А если есть я, то есть и ты.

– Значит, я – это ты?

– Я тебе уже говорил.
Ты станешь мной,
Когда я стану тобой.

– А когда я стану тобой,
Я смогу снова уйти к маме?

– Она сама придет сюда в свой срок.

– Я не хочу, чтобы она умирала.

– Вот поэтому ты пока ещё не я.

– А ты хочешь её смерти?

– Я не хочу ничьей смерти.
Но ты пришёл слишком рано
и пока не понимаешь,
что смерти нет.

– Что же со мной будет?

– Ничего, отправляйся назад.

– Я снова увижу маму?

–Да.

– А я смогу делать радуги?

– Получая одно, всегда
Жертвуешь другим…

– Сынок, ты где?
Откуда столько света?..

 
Ангел Иван Улётный


Ангел Иван Улётный утром встаёт с похмелья,
Бритвой скребёт щетину и надевает хитон.
Комната в коммуналке маленькая, как келья,
Пропахла килькой и луком. Иван достает батон
Жёсткий, словно сандалии бродяги святого Павла,
И, на ходу вгрызаясь в батон, несётся к метро,
Чтобы успеть добраться вовремя до подвала,
Где он работает слесарем при коммунальном бюро
«Услуги для населения. Вызов сантехника на дом».
Иван по гулким ступеням быстро сбегает вниз.
В подвале сонный дежурный ему подает наряды,
Мечтая, что, сдав дежурство, опять напьётся «до риз».
Ангел Иван Улётный молча берёт инструменты
В огромной брезентовой сумке. Повесив её на плечо,
Уходит привычным маршрутом туда, где живут клиенты,
И на ходу представляет тарелку с горячим харчо,
Графин запотевший с водкой, огромную отбивную...
Ангел не замечает, как ноги сбавляют ход
И сами собой приводят его на бульвар в пивную,
Где с кружек сдувает пену до боли знакомый народ…
К полудню, крепко поддавши, Иван достаёт наряды.
Найдя адреса поближе, где нет слишком сложных работ
Он крутит краны и гайки, и ловит хмурые взгляды,
Когда, по мненью клиентов, с них слишком много берёт.
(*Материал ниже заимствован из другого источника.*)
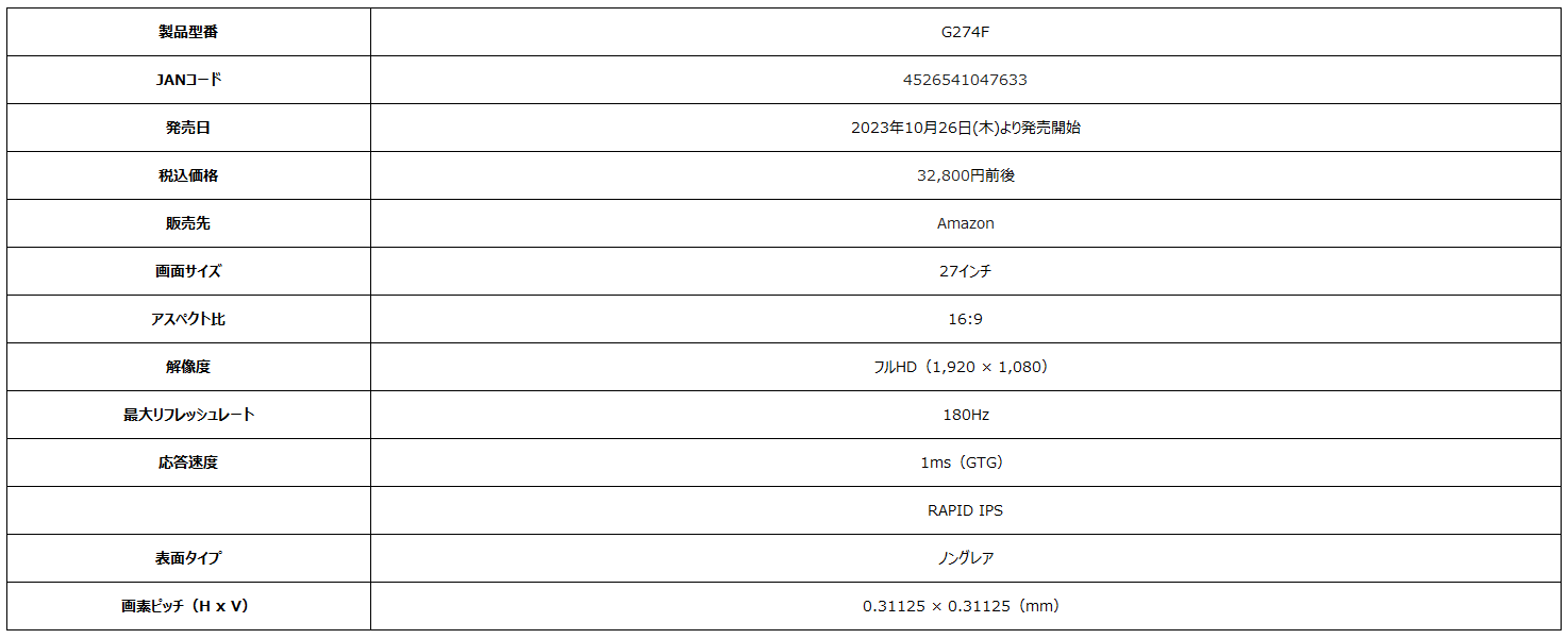 また、コストパフォーマンスに優れた『G』シリーズより、27インチフルHD(1,920 × 1,080)解像度、高速描写と高画質を両立したRAPID IPSパネル、リフレッシュレート180Hz、応答速度1ms(GTG)、クリエイター向けの広色域をカバーしたゲーミングモニター「G274F」が新たにラインナップに加わります。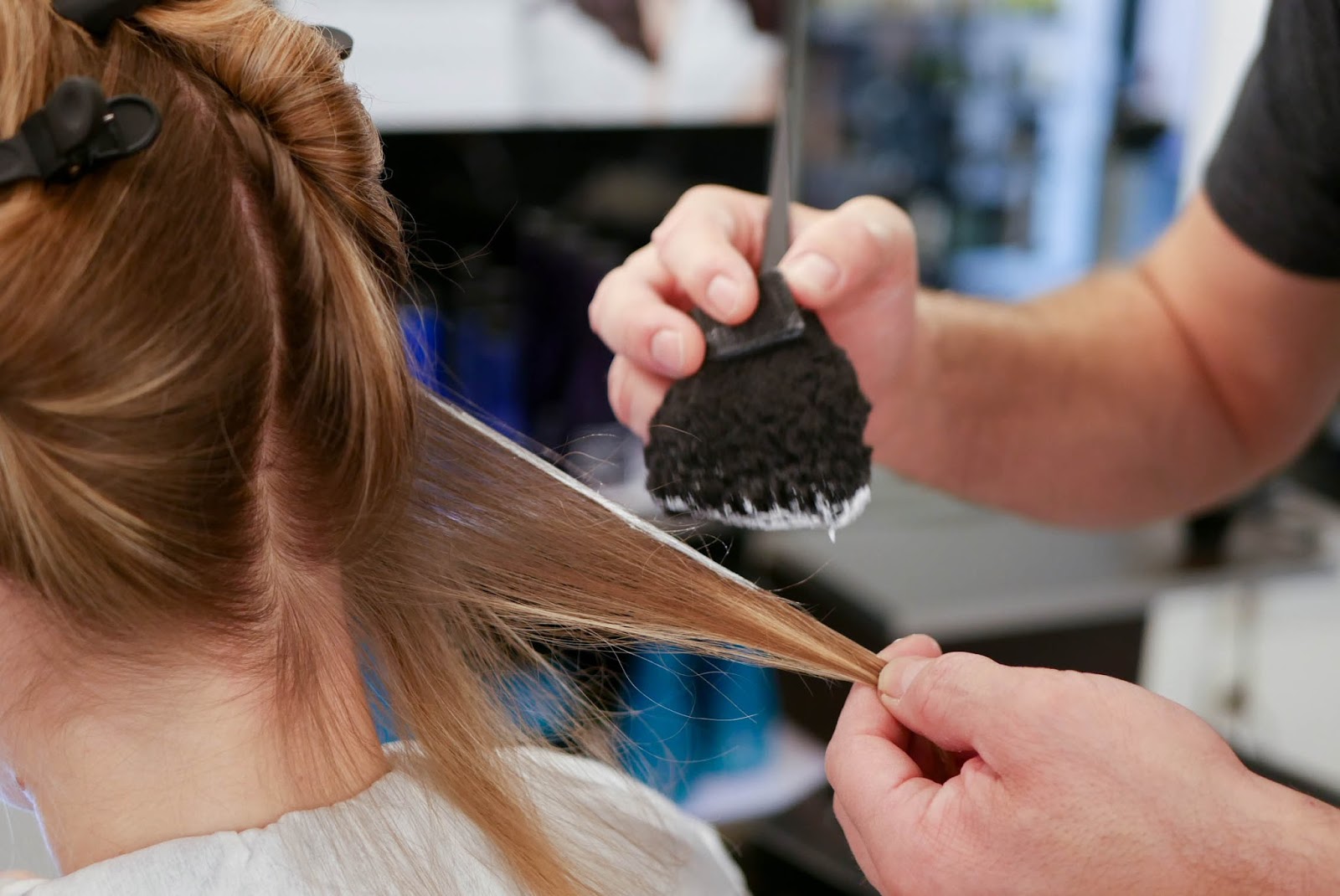 Pour créer des fondus de lumières sur les cheveux, Eric a utilisé un gant sur un pinceau pour appliquer ce mélange. Cela permet de travailler beaucoup plus en douceur que n’importe quels outils pour la lumière.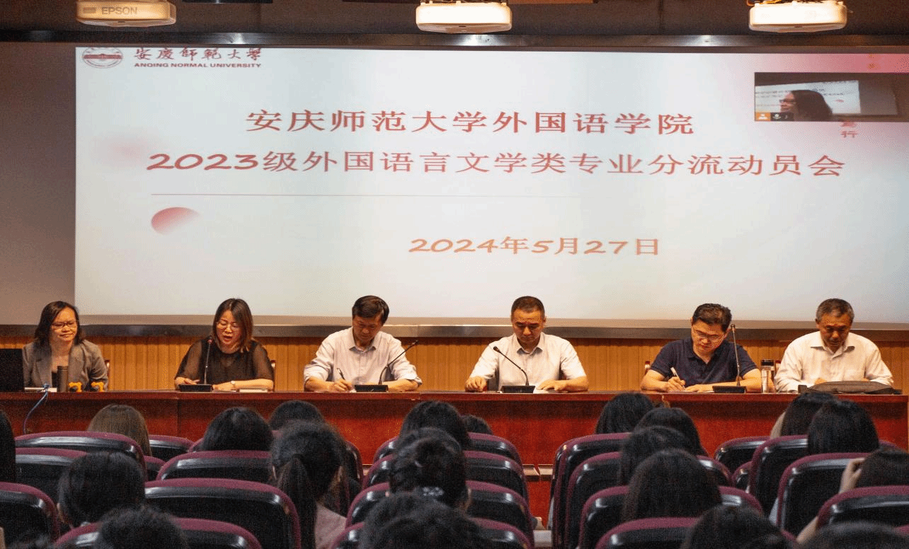 5月27日下午,beat365在线唯一官网于E503召开2023级外国语言文学类专业分流动员大会,并于E314和E316分会场同步直播。beat365在线唯一官网院长王先荣,副院长江加宏、瞿宁霞,外国语言文学类专业负责人,23级辅导员代表以及2023级外国语言文学类专业全体学生参加此次会议。大会由瞿宁霞副院长主持。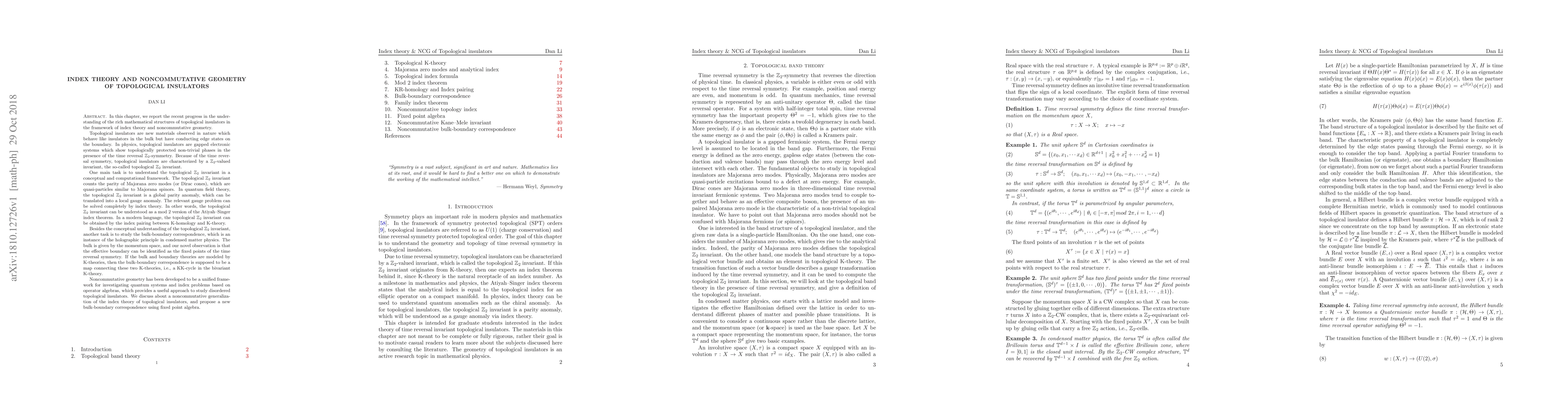 In this chapter, we report the recent progress in the understanding of the rich mathematical structures of topological insulators in the framework of index theory and noncommutative geometry.

Оставив в пивной чаевые, купив по дороге хлеба,
Кильки, водки и лука, ангел идёт домой.
Он смотрит куда угодно, но только не в серое небо,
Поскольку прекрасно знает, что он для неба – чужой.
В комнате с видом на стены асфальтового завода,
Ангел, не раздеваясь, падает на диван,
Не помня ни дня недели, ни месяца, и ни года,
Поскольку время для вечных – всего лишь людской обман.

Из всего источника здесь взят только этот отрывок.